The Mozzarella Sticks
Suffice to say that I never desired my mozzarella sticks to evolve from a hollow, stretchy, bad drunken food decision. There was no need. I left them in college, where I unintentionally and often left them out on the kitchen counter to pang my hangovers and color my shame in the morning, I let them die in their ill-fitting fried breadcrumb coffins. I haven’t thought of them. They haven’t thought of me. Until Bernie’s. They’ve taken this American (…Italian?) classic and made it the way it should be. With fresh cheese and fitted, spiced coatings and a marinara sauce that is pungent enough to cut through the bullshit you might have been expecting. Don’t skip these. Don’t feel bad about them. Don’t put them on Instagram.
The Burger
Living in this city we have learned that there is nothing that the burger cannot become. It has been topped with melted bone marrow, it has been pulled apart and reconstructed through the ancient art of Japanese gustation, it has been topped and covered and smothered and smashed and gripped in Instagram photos on city streets over and over again. And it has been lost. Bernie’s resurrects the classic burger and does it flawlessly. Two patties not cooked to temperature; leave it to them to decide how it should be. American cheese. Shredded lettuce. Caramelized onions. Toasted sesame seed bun. Burger sauce on the side. Shoestring fries. Fucking delicious.
Any Dessert
We weren’t always afraid of sweets. We didn’t always think that one cookie would shatter our delicate existence or that choosing half-and-half over skim should be our only earned indulgence for the day. And it’s time to submit to our sweet teeth. This isn’t fucking LA. We don’t need to outlaw ice cream trucks to recognize that we can comfortably modify our sweets intake. But why is it that we’ve embraced the donut and photogenic ice cream cones but have left behind the desserts of our childhood?
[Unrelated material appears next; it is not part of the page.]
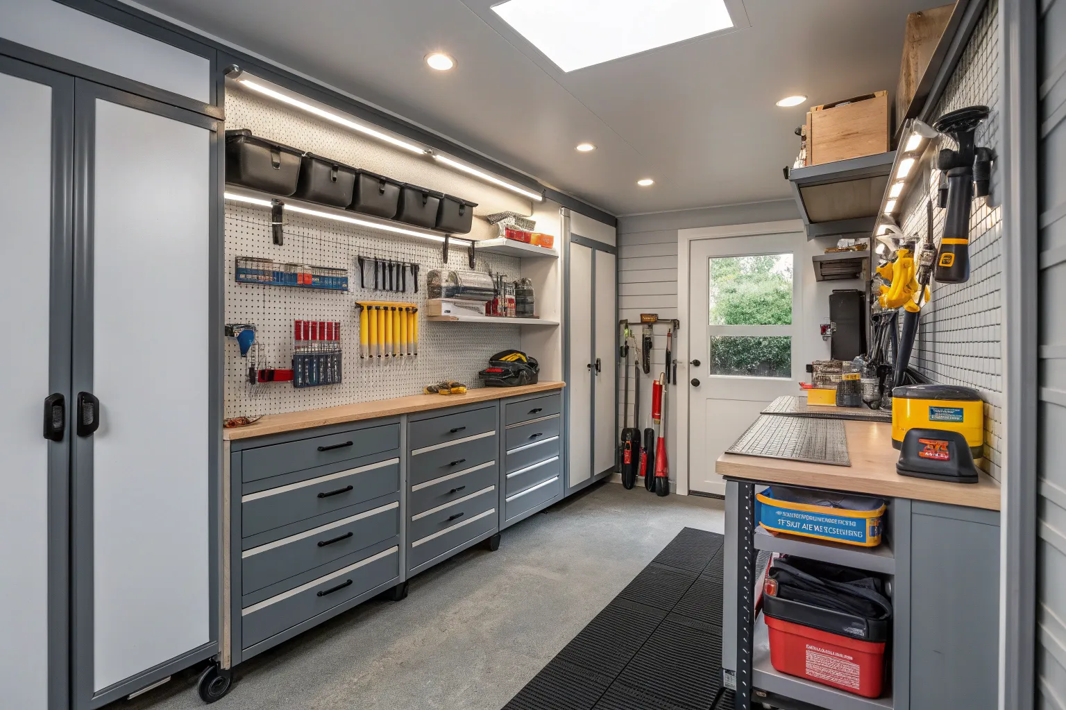 A built-in workbench can double as storage and a workspace, perfect for those weekend DIY projects. Many clients love having a dedicated area to get creative.

Bernie’s dessert menu brings back the utter glee that you felt when you saw a towering ice cream sundae topped with a bright cherry coming around the corner and heading toward you. There was no shame. There was no second guessing. There was only spoons and laughter. Go to Bernie’s. Get Dessert. Share spoons and laughter. #spoonsandlaughter
And Beer
Frosty mugs. Really fucking frosty. Frosty enough to etch your initials into it before you drink it. Frosty enough to make you second guess that it’s a Bell’s Two Hearted that you’re sipping on. Twice. Get a beer, any beer.
Bernie’s is here to remind us that we were once regular people before we all moved here and became “foodies”. That we used to not share food porn and drool over slow-motion egg yolks; we used to share real porn and talk about it in whispers at the lunch table when we ate whatever our moms packed us that day. We used to not require things to be so delicate, so photogenic, so packaged, so sterile, so casually calculated. We used to eat. Do it again, like it’s the first time, at Bernie’s.